Allis-Chalmers had considered going into the lawn-mowing business by designing and building its own line of riding garden tractors, the hefty minitractors that people ride while mowing their suburban lawns. Instead, rather than developing a new product line, the company decided to acquire a successful manufacturer, Simplicity Manufacturing, in a neighboring Wisconsin town. The Justice Department claimed that this decision was anticompetitive, in violation of the antitrust laws, because it removed Allis-Chalmers as a potential competitor with its own product line and reduced the choices available to the consumer. This legal theory was novel and potentially significant in a wide range of industries, but it turned on a simple factual question: Do riding garden tractors compete in the same market as ordinary power lawn mowers, which can be bought in any hardware store? If all power lawn mowers competed in a single market, the market was huge, and any anticompetitive 37effect of A-C’s purchase of Simplicity would be trivial. If, however, riding garden tractors were their own market, then the acquisition would be a significant anticompetitive development in a small market. Our job was to establish that the relevant market was all power lawn-mowing equipment—the $55 walk-behind power mower and the riding garden tractor that sold for several thousand dollars.

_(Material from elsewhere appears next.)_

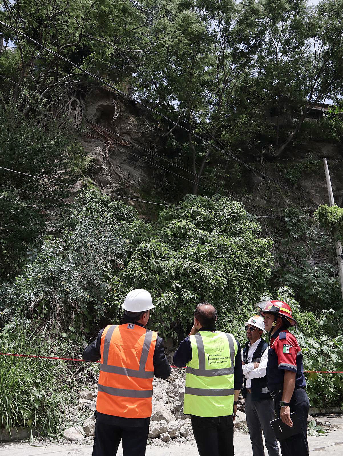 Tras recibir un reporte al Centro de Control, Comando, Comunicaciones y Cómputo (C4) de Cuernavaca sobre la caída de materiales del talud en la calle Bugambilias de la colonia Los Pilares, distintas áreas operativas del Ayuntamiento de Cuernavaca se hicieron presentes a la brevedad en el lugar para implementar los protocolos de inspección y prevención de riesgos en las viviendas de la zona, privilegiando la seguridad de los vecinos.

I spent weeks traveling around midwestern towns in the dead of winter, talking about lawn mowing to riding garden tractor dealers, lawn mower dealers, and manufacturers. I felt like Willy Loman on the road. Most of the people I spoke with were hostile to government interference in business, so they were naturally sympathetic to our client. I picked a half-dozen potential witnesses who saw the world our way and discarded the rest.

This case taught me how to travel well on an expense account. For the first—and only—time in my life, I flew first class. As we were sitting in the first-class cabin, enjoying a martini on a flight to Milwaukee, one of the partners I was working with told me, “They are lucky to have us working for them, coming to Milwaukee for a client conference when there is a foot of snow on the ground. They have no complaint if we travel first class. We’ll get to know the best restaurants in town. I’m just sorry that we have to eat so much sau-erbraten in Milwaukee. Too bad the place wasn’t settled by the French.”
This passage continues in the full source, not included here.